Similarly, we can see in Figure 7b that when the CsPbI₂Br thickness increases from 250 to 1050 nm, the V_OC and FF parameters decrease by 4% and 36%, respectively, whereas J_SC increases by 40%, as the increase in the CsPbI₂Br thickness. Furthermore, the PCE value is improved by 15% for a CsPbI₂Br thickness of 650 nm relative to the thickness of 350 nm. Extending the thickness beyond 650 nm increases the recombination current and series resistance and thus reduces the PCE. In the CsPbI₂Br PSC, the maximum value of PCE is reached for a lower thickness compared with the CsPbI₃ cell. This is due to the fact that the defect density in the CsPbI₂Br layer is two orders of magnitude higher than in CsPbI₃ (see Table 1), which reduces the carrier diffusion length. Therefore, values of 750 nm and 650 nm were considered as the optimized values of the CsPbI₃ and CsPbI₂Br absorber thickness, respectively.
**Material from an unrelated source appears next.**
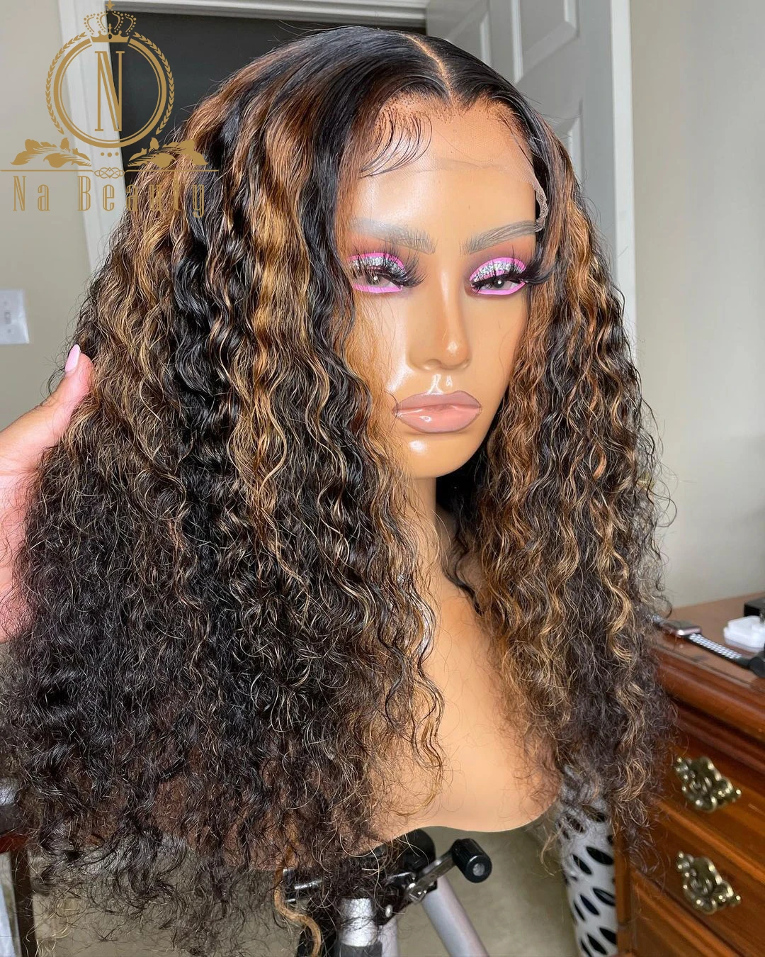 Медовая Блондинка хайлайтер кудрявый парик T часть кружева человече...

On the other hand, Figure 8 shows the variation of the PCE as a function of the acceptor density in the CsPbI₃ and CsPbI₂Br perovskite layer, respectively. We can see in both cases that when the acceptor density increases from 10¹³ to 10¹⁵ cm⁻³, the PCE remains constant, while this parameter decreases for higher values of 10¹⁵ cm⁻³. Therefore, an optimal value of 10¹⁵ cm⁻³ was chosen for N_A.
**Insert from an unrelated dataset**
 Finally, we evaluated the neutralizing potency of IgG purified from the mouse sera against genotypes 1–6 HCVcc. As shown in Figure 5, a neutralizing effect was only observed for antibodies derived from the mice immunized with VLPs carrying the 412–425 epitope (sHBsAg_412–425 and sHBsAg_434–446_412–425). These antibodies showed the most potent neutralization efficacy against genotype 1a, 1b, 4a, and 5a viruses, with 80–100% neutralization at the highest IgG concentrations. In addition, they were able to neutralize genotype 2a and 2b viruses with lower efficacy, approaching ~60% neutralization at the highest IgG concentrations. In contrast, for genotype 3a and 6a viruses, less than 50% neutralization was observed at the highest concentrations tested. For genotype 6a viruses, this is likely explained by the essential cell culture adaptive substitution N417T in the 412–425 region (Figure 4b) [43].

Finally, the simulation results show that when optimized parameters are used with the CsPbI₃- and CsPbI₂B-based PSCs with the fixed values of N_T presented in Table 1, the PCE values increase from 14.13% to 18.9% and from 12.35% to 14.37%, respectively, such as is shown in Figure 9. Additionally, this figure shows that the defect density N_T of the perovskite layer has a significant impact on device performance. This is because more defects in the active layer shorten the minority-carrier diffusion length, and hence the photogenerated carriers recombine before reaching their respective electrode and thus do not contribute to improving device performance. Figure 9 shows the performance improvement that could be achieved by reducing the defect density. Optimum efficiencies of 26.5% and 20.6% could be obtained at defect density of the order of 10¹² cm⁻³ for the inverted device with a structure of ITO/CuI/CsPbI₃/ZnO/Ag and ITO/CuI/CsPbI₂Br/ZnO/Ag, respectively.

4. Conclusions

Inverted p-i-n all-inorganic PSCs based on CsPbI₃ and CsPbI₂Br perovskite were studied through SCAPS-1D simulations. For each perovskite layer considered, the performance of twelve architectures of PSC was examined and compared, using several potential inorganic materials for HTL and ETL. The simulation results show that CuI as HTL and ZnO as ETL have better performance than the other combinations considered in this study, with efficiencies of 14.13% and 12.35% for CsPbI₃ and CsPbI₂Br, respectively, which is due to proper band alignment with the absorber. In order to improve the performance of ITO/CuI/CsPbI₃/ZnO/Ag and ITO/CuI/CsPbI₂Br/ZnO/Ag, the optimal values of hole mobility in CuI and the thickness, doping density, and defect density in the absorber layer were obtained. Values of 44 cm²V⁻¹s⁻¹ and 10¹⁵ cm⁻³ were chosen for hole mobility in CuI and doping density, respectively. Additionally, values of 750 nm and 650 nm were considered as the optimized values of the CsPbI₃ and CsPbI₂Br absorber thickness, respectively. From these optimal values, improved efficiencies of 18.9% and 14.37% were achieved for the CsPbI₃- and CsPbI₂Br-based PSCs respectively. Finally, maximum efficiencies of 26.5% and 20.6% could be obtained by reducing the defect density up to the order of 10¹² cm⁻³ for the CsPbI₃ and CsPbI₂B devices, respectively. The results obtained in this work are helpful for improving the performance of inverted all-inorganic PSCs based on CsPbI₃ and CsPbI₂B as the perovskite layer, which is also essential to optimize the performance of tandem solar cells.